Mr. Mueller and the FBI's general counsel, Valerie Caproni, were scheduled to meet with senior managers of several major companies, including Google and Facebook, according to several people familiar with the discussions. How Mr. Mueller's proposal was received was not clear.

“I can confirm that FBI Director Robert Mueller is visiting Facebook during his trip to Silicon Valley,” said Andrew Noyes, Facebook's public policy manager.

Michael Kortan, an FBI spokesman, acknowledged the meetings but did not elaborate.

Mr. Mueller wants to expand a 1994 law, the Communications Assistance for Law Enforcement Act, to impose regulations on Internet companies.

The law requires phone and broadband network access providers like Verizon and Comcast to make sure they can immediately comply when presented with a court wiretapping order.

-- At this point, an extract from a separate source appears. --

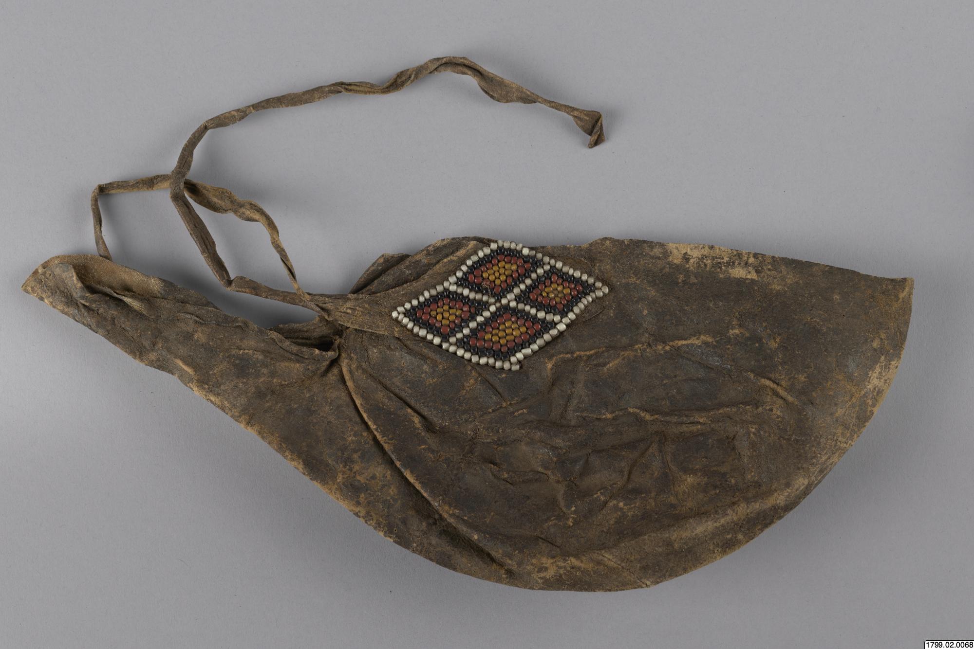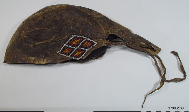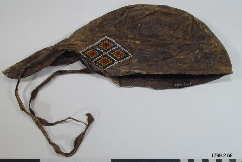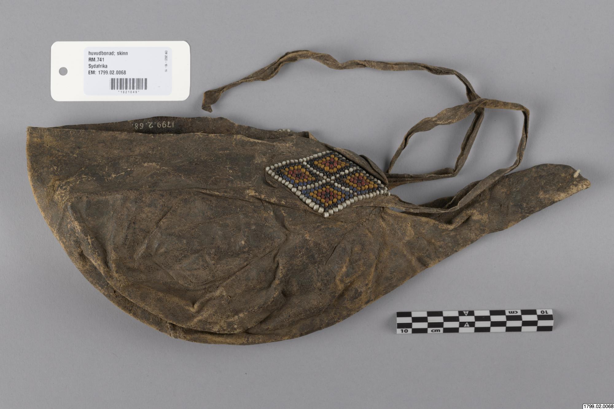 Kvinnomössa af skinn, broderad mer perlor. Generalkatalogen. På vardera sidan av mössan har applicerats dekor bestående av 4 fält med föd, gul svart/blå samt vita små "pärlor", möjligen från snäckor. Sparrman förvärvade denna mössa från ¿en rik hottentottänka¿. Den är i mjukt skinn och med pärldekorationer i samma mönster på ömse sidor. Sparrman skriver att de flesta hottentottkvinnor han mötte var barhuvade, men de kunde också ha en något konformad mössa, ofta svart av fett och rök, och Sparrman tillägger att på det hela taget såg huvudbonaderna inte så illa ut. Andra resenärer på Kap i slutet av 1700-talet nämner huvudbonader av päls eller skinn från schakal och andra djur.WÖ Sparrman skriver i AFRICAN ART AND ARTEFATCTS, s197, att mössan kom från en kvinna inom Gunjamenagruppen vilka troligtvis bodde i regionen runt Capehalvön under perioden för insamlandet. KB

Law enforcement officials want the 1994 law to also cover Internet companies because people increasingly communicate online. An interagency task force consisting of officials within the Obama administration is trying to develop legislation for the plan, and submit it to Congress early next year.

The Commerce Department and State Department have questioned whether it would inhibit innovation, as well as whether repressive regimes might harness the same capabilities to identify political dissidents, according to officials familiar with the discussions.

Services overseas

Under the proposal, firms would have to design systems to intercept and unscramble encrypted messages. Services based overseas would have to route communications through a server on U.S. soil where they could be wiretapped.